The night the stage lights went simple
The lighting desk blinked into emergency mode halfway through the dress rehearsal. Most lamps would only do on or off now. A few channels still had proper dimmer knobs. The stage manager muttered, “If we simplify the wrong ones, no one will even know who’s speaking.”
The quick fix sounded tidy: make every light a plain switch. Less fuss, less power. But when the actors hit a fast bit, faces went flat and small gestures vanished. That’s what happens when you squash every tiny dial inside a big language system into pure on or off. It can start guessing like it’s lost the thread.
So the crew picked their favourites: a small set of lamps that must keep dimmers. Everything else could be switches. In the same way, you keep a small share of the system’s most important numbers in finer detail, and crush the rest down to on or off. Picking the biggest, most forceful ones works about as well as fussier scoring.
The awkward bit: those “must-keep” lamps were scattered all over the rig, not sitting neatly on one bar. So they had to be chosen one by one, and the crew had to keep a note of where each dimmer was. Then they re-cued carefully, section by section, watching how far the stage look drifted from the original.
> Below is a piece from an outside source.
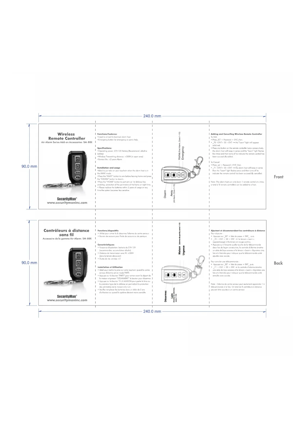 Retrouvez gratuitement la notice de l'appareil SM88X SecurityMan au format PDF.
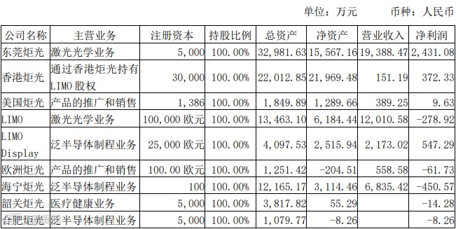 原有业务激光光学产品线(MO)保留在LIMO中运营,并在东莞新建产能共同从事激光光学元器件业务;

For every switch-only lamp, they also chose how bright “on” should mean for that specific bulb. They didn’t guess. They set it to match the lamp’s usual strength as closely as possible. With the dimmers locked, they ran a few quick practice rounds until the scene read clearly again. Sometimes, if enough dimmers stayed, it worked decently even before the practice.
By the final run, the plot was easy to follow again, even with loads of crude switches. The surprise wasn’t that on or off is “good enough” for everything. It was that a few carefully chosen dimmers carry a silly amount of meaning. Takeaway: save space by simplifying most parts, but protect the handful that steer the story.